The economic miracle from the 1950s on was spectacular. Its glorious islands today attract hordes of tourists. Greece continues to excel in shipping. With bread and fish to eat and olives and grapes to sell, they will survive even if their bloated modern services sector takes a blow. If they were to be thrown out of the euro-zone, they would revert to a very weak drachma, good for their exports, even if useless for any imports. For the rest of the euro-zone, this would mean even greater anxieties about the euro surviving, the collapse of several French banks that routed derivatives-driven loans and a rising spiral of unemployment in the northern cities, with little for them to fall back on.

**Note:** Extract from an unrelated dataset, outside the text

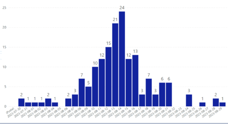 Devam eden bir epidemiyolojik araştırmadan elde edilen ilk sonuçlar, ilk vakaların 30 Temmuz'da semptomlar geliştirdiğini, çoğu vakanın ise 12-16 Ağustos tarihleri arasında semptomlar geliştirdiğini göstermektedir. Yaşları 60 ila 90 arasında değşen yetişkinler en çok etkilenen yaş grubudur. En son bildirilen vakanın başlangıç tarihi 29 Ağustos'tur. İlgili 23 ölümün tamamında altta yatan ek hastalıklar var olup yaşları 53 ile 98 arasında değişmektedir (11 kadın ve 12 erkek).
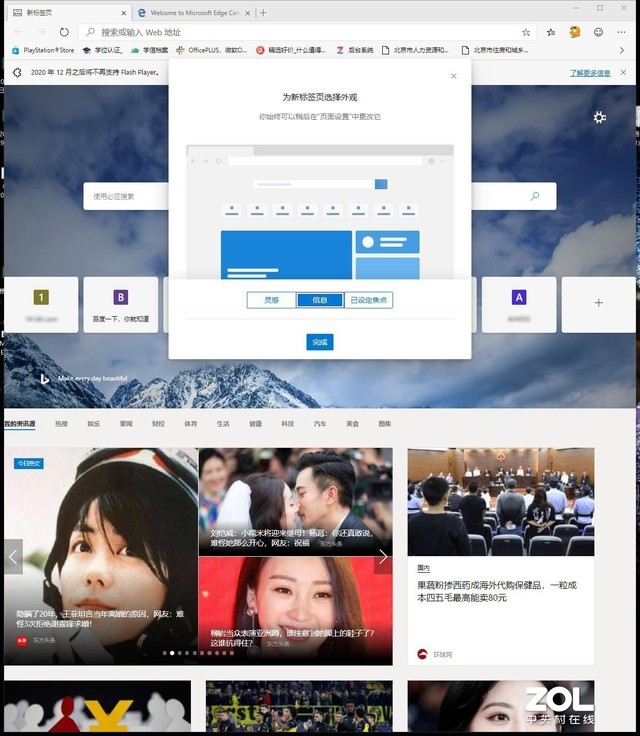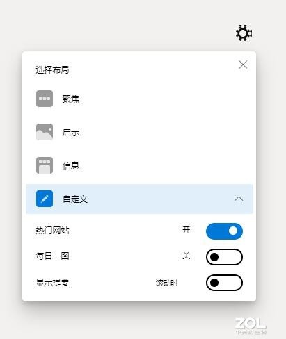 如果没有在开始界面设置页面风格也不用担心,后续可以通过空白页右上角的“小齿轮”图标的下拉菜单来进行调整。微软给出了三种默认风格,包括聚焦、启示和信息,另外还可以根据自身喜好进行自定义,不过现在这个功能还不是太过完善,能够设置的选项就是热门网站、每日一图(相当于浏览器的壁纸)和显示提要三项。

With 30-odd years of a protester’s career behind her, perhaps Ms Merkel looked beyond the negotiating table at the righteous indignation of the demonstrators on the streets. She may have been astute enough to recognise their economic strength or wonder, at any rate, if the government she was dealing with was at all representative of the public weal, which sang a tune very different from the parliamentary consensus on austerity cuts.
Mirroring Hazare
The outrageous arrest and release of Kostas Vaxevanis, the intrepid editor of Hot Doc, on October 27, for publishing names from the Lagarde list, bear an uncanny resemblance to the ham-handed manner in which Anna Hazare was treated by the Indian government two years ago when he stepped out for his fast against corruption in high places. The high-handedness of government in the case of Anna led to such public anger that Parliament was forced ultimately to swallow its pride and issue a “Sense of the House” resolution guaranteeing three essential features of the institution of an ombudsman that Anna had been demanding. The repressive act in Greece not only adds to the public distrust of the newly elected government led by New Democracy, but also thereby, queers the pitch for any meaningful negotiations between the elite troika of the IMF-EU-ECB and the present government whose credibility is at stake.
While the troika needs to realise its own vulnerability and appreciate the difference between the real and the money economies it is dealing with, the government in turn needs to be mindful of the will of the people to reclaim economics as a moral science. Hopefully, the charges of breach of privacy that Mr. Vaxevanis faces will be viewed by the magistrate not only in the context of the public outcry against tax evasion by the rich and powerful but also in the light of Aristotle’s famous dictum: “Privacy is idiocy, the breeding ground of all criminality.”